Some recent press has referred to virtualization and browser based applications as a threat to the operating system. As an IT Manager - having lived through a few technology waves - I think the arguments that are being made are unrealistic.
Today's Windows machines have Flash ROM that contains the BIOS code, the low level functions that are required to start a machine and figure out where the actual boot code resides. When they boot up they generaly flail around until they access a boot image - which most often is on a hard drive (but could be on a network drive, or a CD).
If we go to the extreme of providing a Hypervisor on the machine, then we can run virtual machines (various O/S') on top of the Hypervisor without loading Windows or Linux first.
This is great for flexibility, but you'll notice that it doesn't reduce your licensing costs with Microsoft or whomever. It also doesn't reduce the security vulnerability of your box - in fact it increases the threat surface by the number of VMs that are running at once! You might be able to use a snapshot to restore quickly if you are compromised, but that's the only security benefit.
The problem is that virtualizing an O/S just brings you more of the same. All the software related management costs come along with each instantiated machine, along with some additional complexity due to running VMs.
But there is an opportunity here for a different kind of virtualization to make an impact.
A couple examples might make this clear.
1) Take a look at how BitTorrent streams files to multiple recipients. The network traffic is comprised of tiny slices of the file that come to you from many different directions. The BT application breaks the files into slices for shipment and at the client reassembles them into a recognizable file. What is created is close to an internet SAN - but a fairly slow one.
2) SETI at home, and other applications, make use of compute time on internet connected
computers. This "free" CPU resource is used to solve very large problems.
Now what if network speeds reach the point where we can store the boot image for our PCs in the "cloud". Perhaps you would keep a local cached copy of the boot image and refresh it every time you start up the machine.

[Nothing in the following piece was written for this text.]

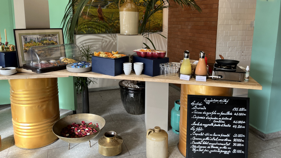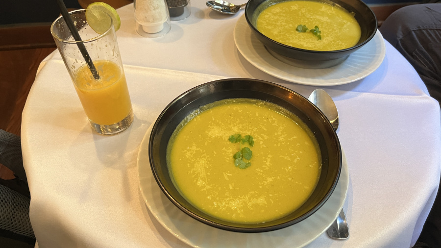 - kosilo v hotelu La Varangue (dve bučni juhi, orange juice, kava, čaj, coca cola) = 20 EUR

We might be able to produce an O/S that is never "installed" on a PC. The machine could simply run BOOTP - if there were a server waiting to provide the software load.
Well... Of course replacing everyone's home PC with a BOOTP loaded machine is impractical - much as it means that now Verizon and Comcast will have to get in the O/S provisioning business. And there is the little problem of loading the OS down in the clear via TFTP.
Yikes!
But what could happen is that we could create a storage network that runs on the excess capacity of other machines that share their bandwidth. Then, home machines would run a modified BOOTP over something like Bittorrent. The boot loader comes over the wire.
Well - how is this better than what we have today?
I think anything you load at boot time like this would have to be fairly small.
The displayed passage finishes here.